RESULTS: Significant associations of both DLG5 polymorphisms with the development of CD in the Malaysian patients were observed in this study. The homozygous C genotype of the DLG5 polymorphism was significantly related to CD patients (P = 0.0023, OR = 2.5320), while the homozygous A was significant in control individuals (P = 0.0224, OR = 0.4480). In DLG5_e26 polymorphisms, we found a significant distribution of the homozygous insA genotype in CD patients (P = 0.0006, OR = 2.8916), whereas the heterozygous insA/delA genotype was significant in controls (P = 0.0007, OR = 0.3487). We hypothesized that there might be a complex interaction of both alleles, which confered a protective effect against the onset of CD. However, we did not observe any significant correlation of SLC22A5 polymorphisms with this disease.
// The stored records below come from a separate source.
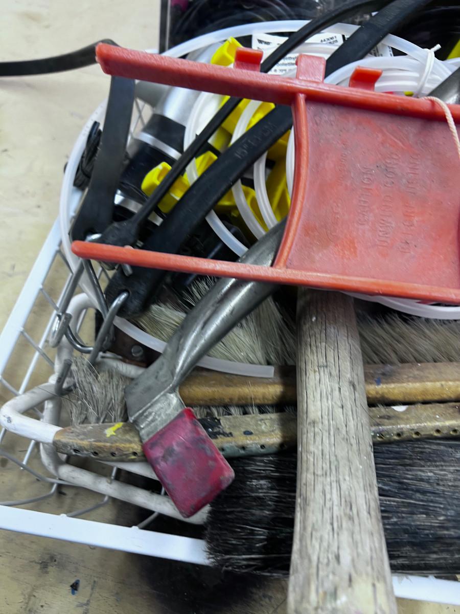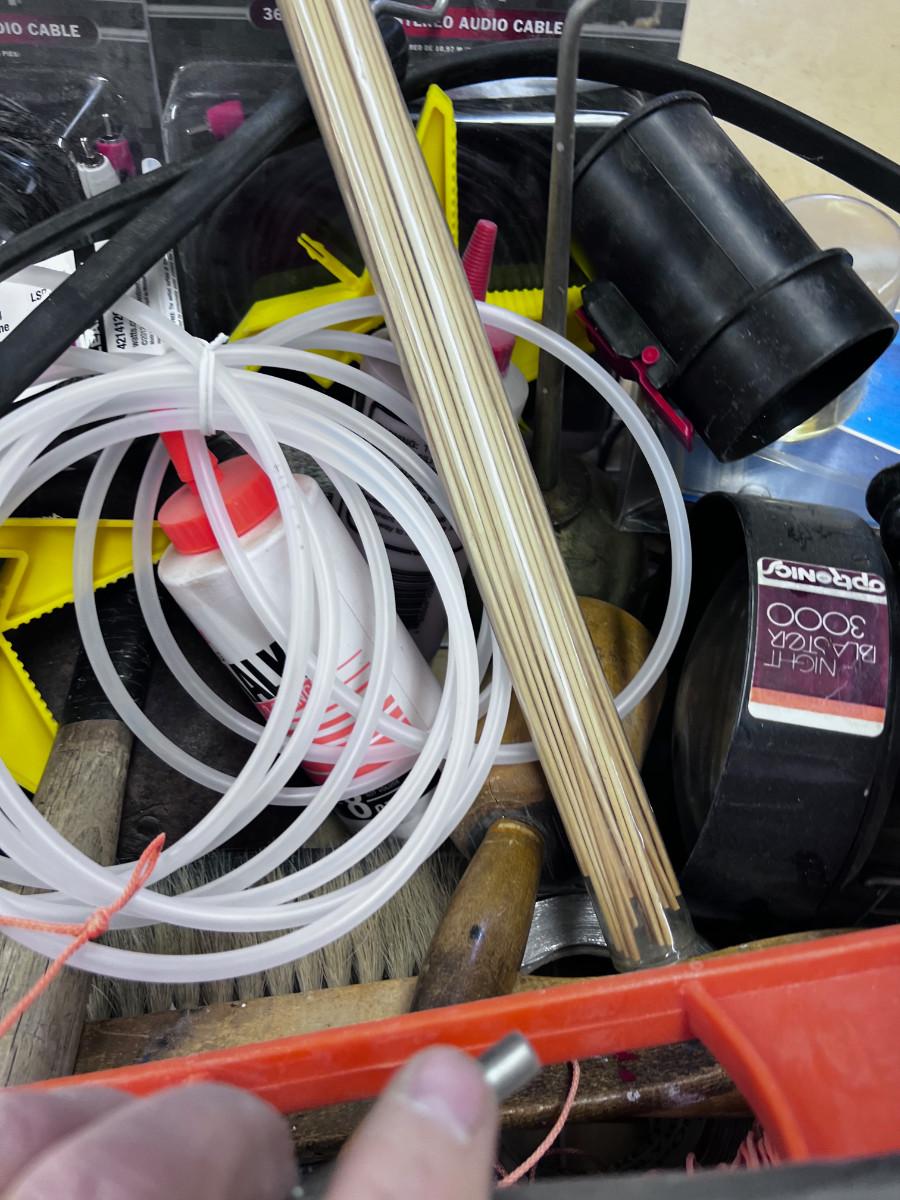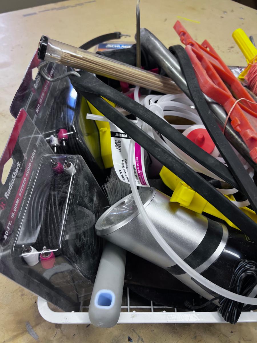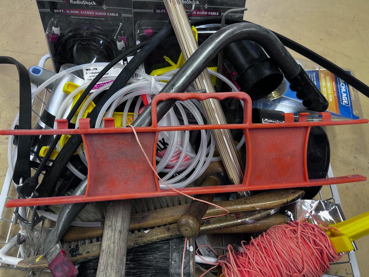 Tray FULL of STUFF: Wire, Pencil Sharpener, Bungy Cords etc.,
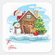 This Christmas gift tag sticker is shown with a festive holiday Santa and the gang print.
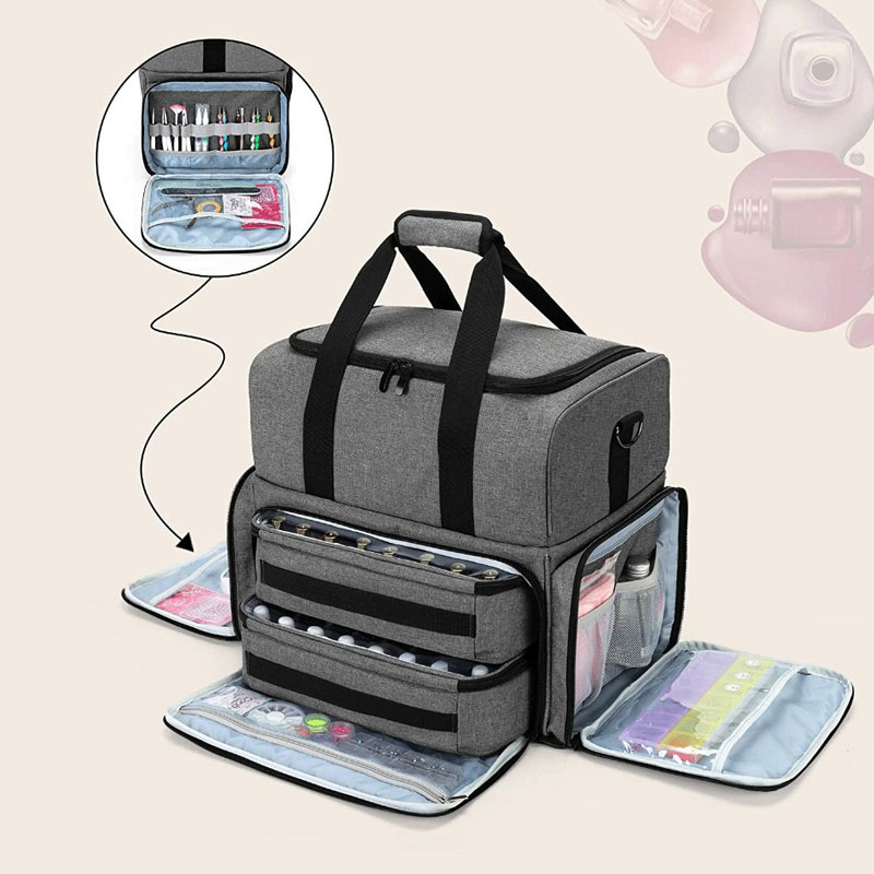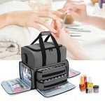 NAIL POLISH STORAGE: The bottom compartment contains 2 removable cases. Each case holds up to 24 bottles of 15ml (0.5 fl. oz) nail polish. The bottle dividers in the case are flexible and detachable.
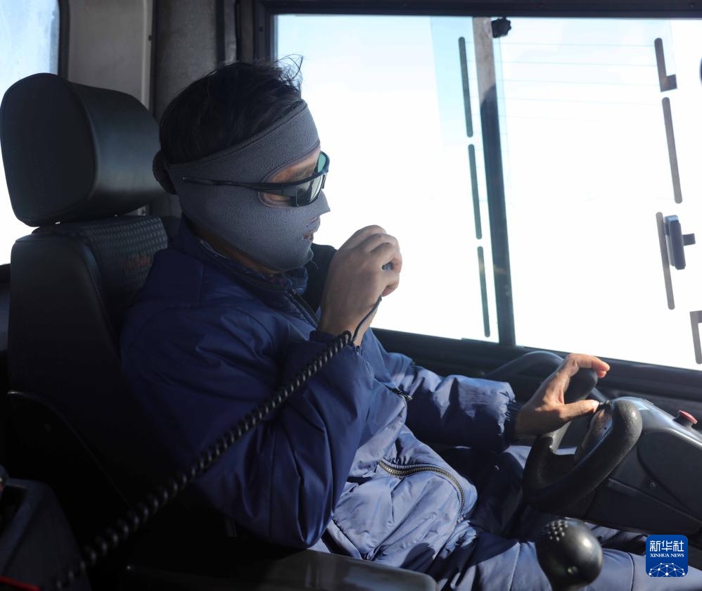 雪地车驾驶员开车运送货物(12月3日摄)。
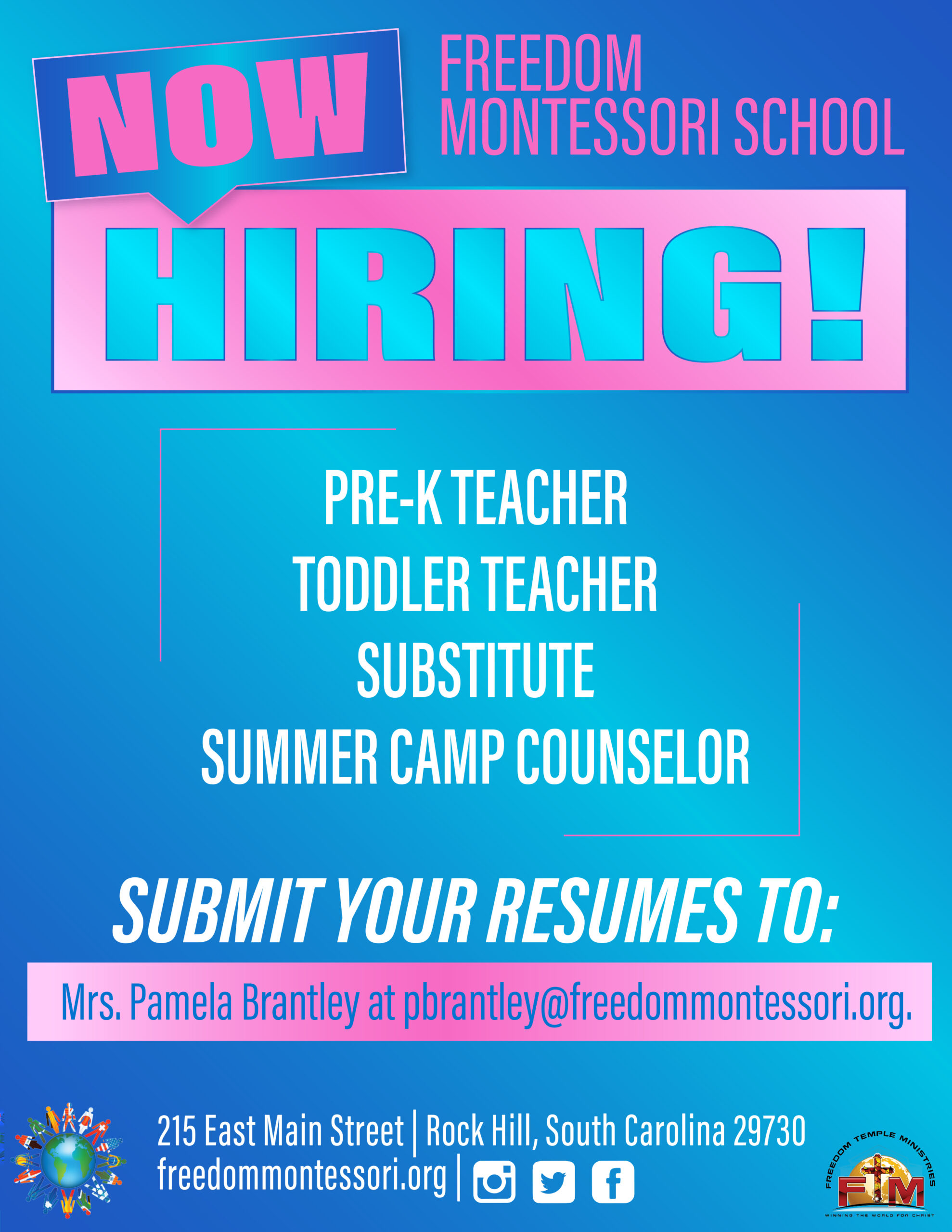 Now hiring for Freedom Montessori School - Pre-K Teachers, Toddler Teachers, Substitutes, and Summer Camp Counselors. |
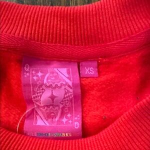 Festive red sweatshirt with Santa letter designs. Perfect for holiday cheer. Roomy fit 6-8 could easily wear this XS
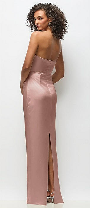 Strapless Draped Bodice Stretch Satin Column Maxi Dress in neu nude
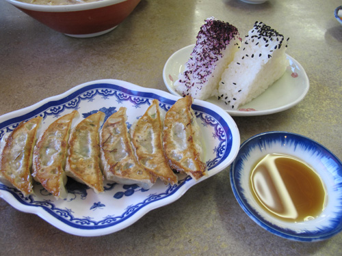 大きめのおにぎり2個と一口餃子より大きめの餃子が6個です。
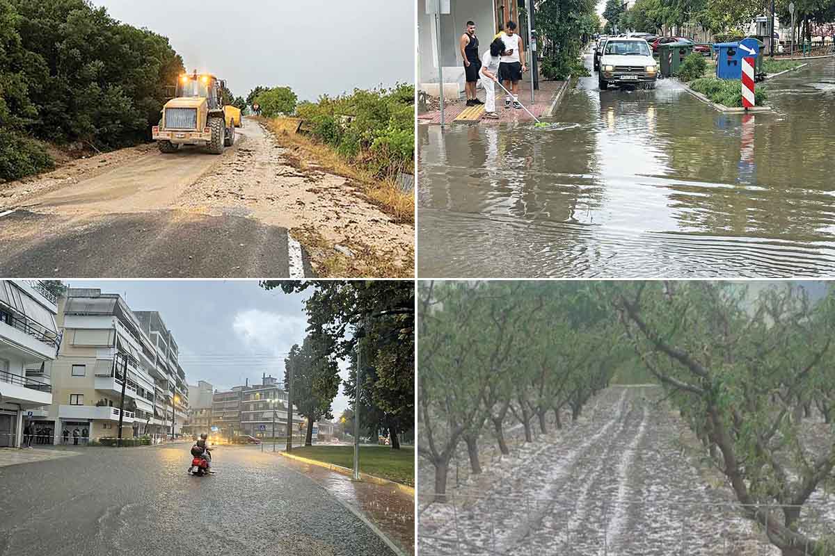 Πλημμυρισμένους δρόμους, ξηλωμένες στέγες, πεσμένα δέντρα, προβλήματα στην ηλεκτροδότηση και ζημιές σε υποδομές και καλλιέργειες άφησε πίσω της η κακοκαιρία εξπρές που έπληξε πολλές περιοχές της χώρας τα προηγούμενα 24ωρα και η οποία συνοδευόταν από δυνατούς ανέμους και σφοδρές χαλαζοπτώσεις!
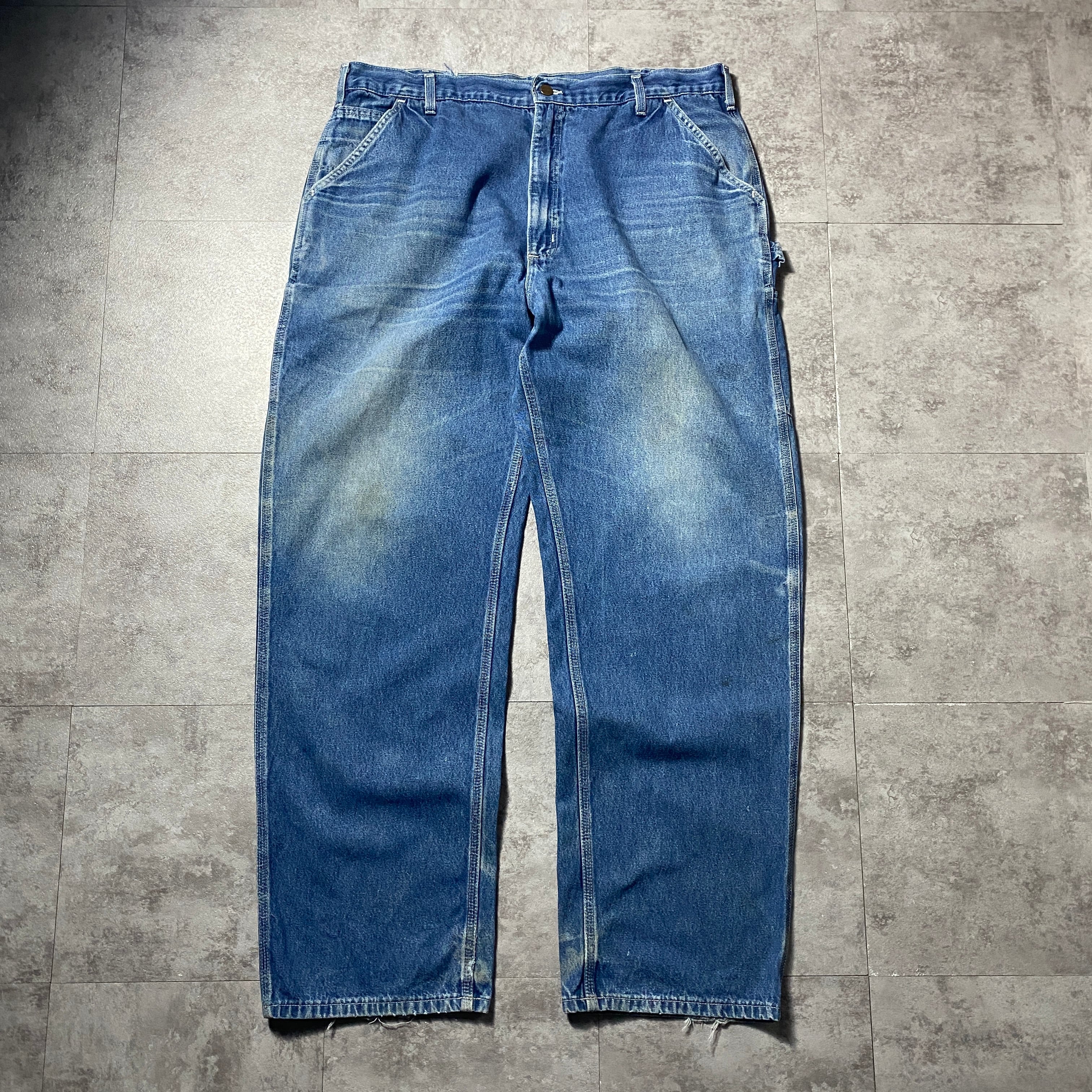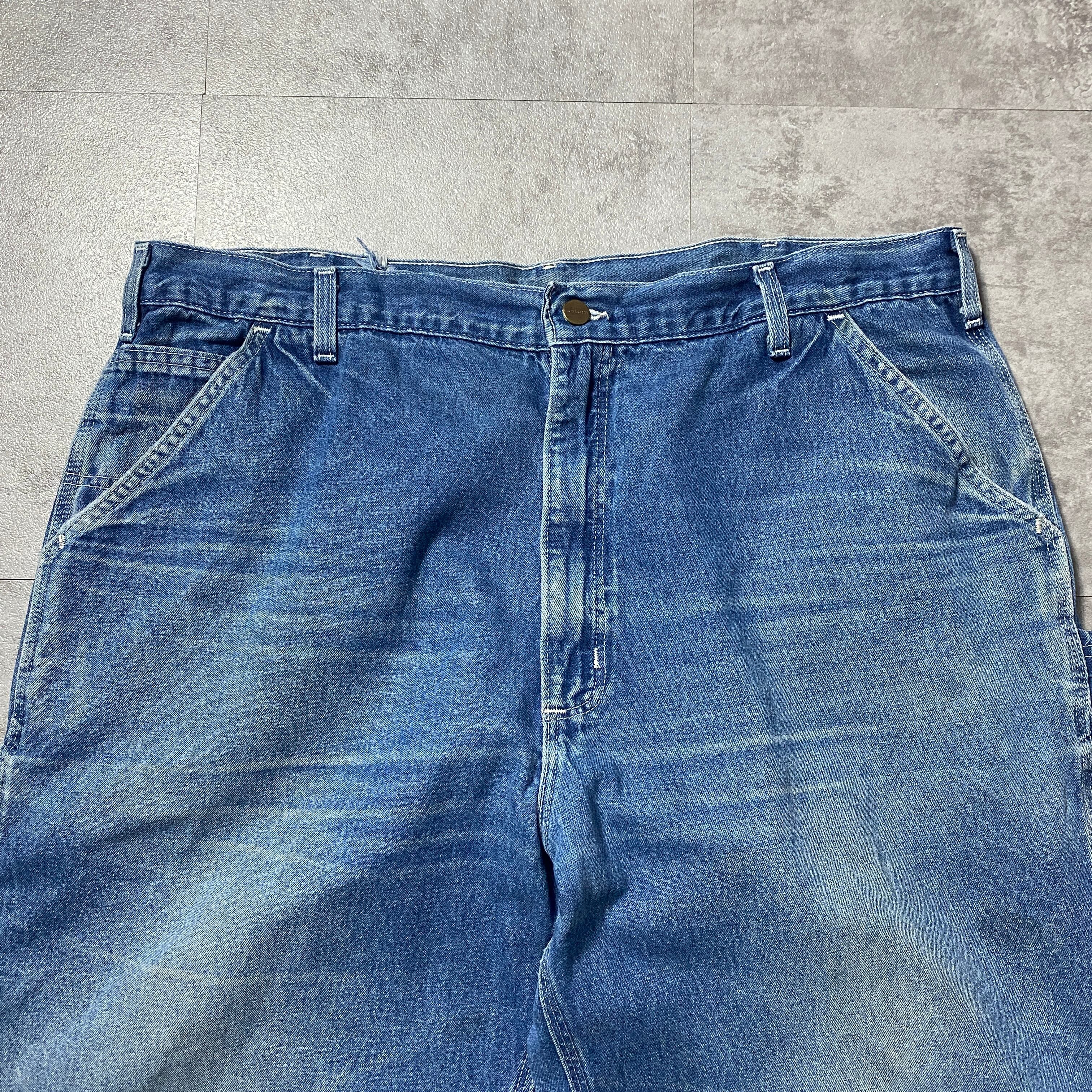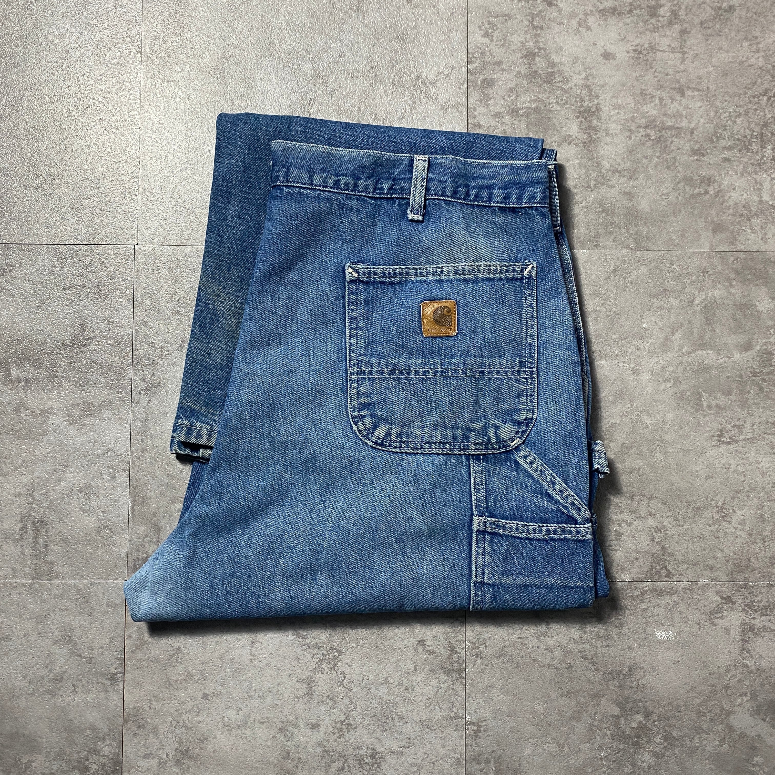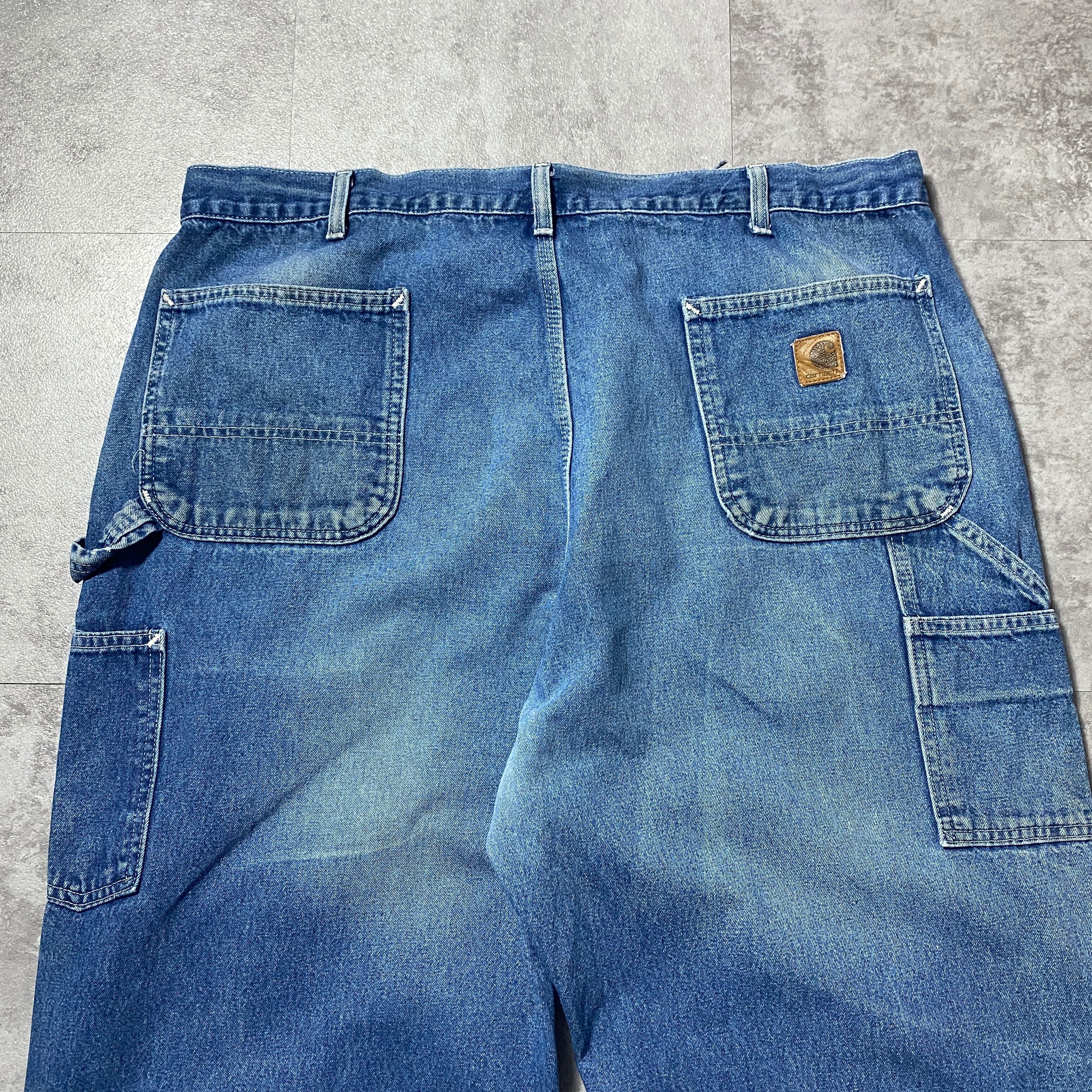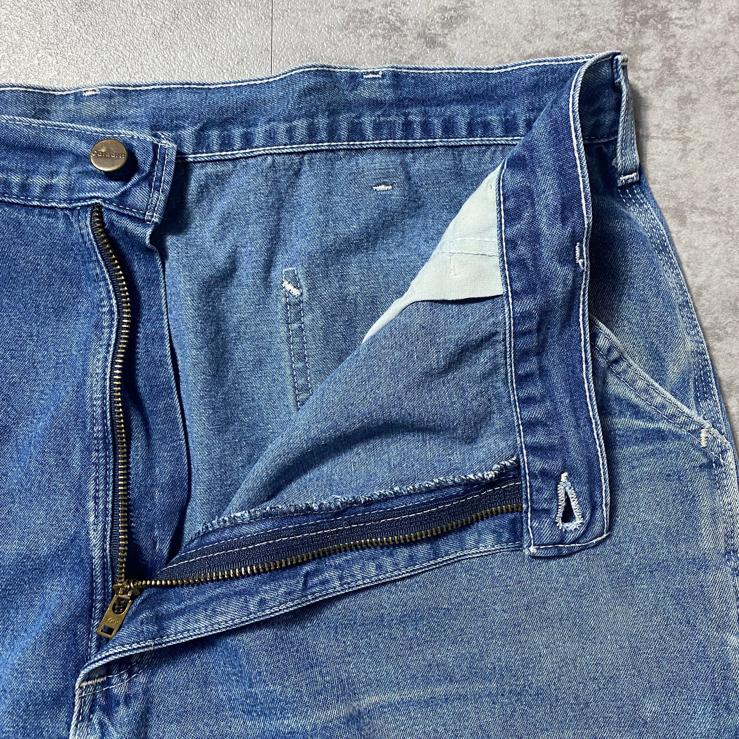 【42×34】00's carhartt カーハート ジッパーフライ レザーパッチ 縦落ち ヒゲ デニム ペインターパンツ

CONCLUSIONS: In our study, both polymorphisms in the DLG5 gene were found to be associated with CD patients in Malaysia. Therefore, these loci can be potentially used as susceptibility markers in the Malaysian population.
INTRODUCTION
Inflammatory bowel disease (IBD) is a medical condition that involves the inflammation of the small intestine and colon. There is a high prevalence rate of this condition in developing countries.1 Crohn's disease (CD) is one of the major types of IBD, apart from ulcerative colitis. Patients with CD suffer from inflammation at multiple locations in the gastrointestinal tract, from mouth to anus.2 In addition, CD also inflicts complications that involve other organs, such as eyes, joints, blood, skin and endocrine system. In clinics, patients often complain of diarrhea, rectal bleeding, pain in the lower right abdomen and weight loss.3 Unfortunately, there is yet to be a conclusive cure for CD. Medication and surgical treatments are given to patients for symptomatic relief and maintaining remission, and these can lead to a series of side effects such as nausea and skin rashes.4–6 CD is commonly observed in countries such as northern Europe, UK and North America.1 The prevalence rate of CD has been relatively low in developing countries in Asia. Recently, however, several studies had reported a rising trend of CD in Sri Lanka, Japan and Singapore.7–9 Scientists postulated that this phenomenon might result from an adoption of modern lifestyles from western counterparts.10 The overall prevalence of CD in Malaysia is 26 per 100 000, according to a study carried out in 2006.1 Interestingly, the prevalence rate differs among the three main ethnic groups that make up the multiracial society of Malaysia, that is Malay, Chinese and Indian. CD is more commonly observed in Indians than Chinese and Malays, with prevalence rates of 52.6, 26.9 and 9.3 per 100 000 individuals, respectively.1
Despite the comprehensive researches that have been carried out by scientists worldwide, the exact etiology of CD remains unknown. In general, the onset of CD is believed to be triggered by a series of complex interactions of multiple factors.11 Both environmental factors and genetic composition are suggested to have a combined effect on an individual's susceptibility to CD. Several potential genes have been observed to have direct association with the disease, namely CARD15 and IL23 genes. These genes play a role in the synthesis of proteins that are involved in immune responses. Variations in these regions, therefore, could lead to abnormal immune responses that subsequently result in chronic inflammation of the gastrointestinal tract. Recently, several other genes on chromosomes 5 and 10 have been identified as contributing to the risk of CD development.12 However, due to the complexity of genetic interaction in the disease, there is not a single gene known to be responsible for the onset of CD. Therefore, more extensive studies are being carried out to understand the role of various genes in the development and progression of the disease.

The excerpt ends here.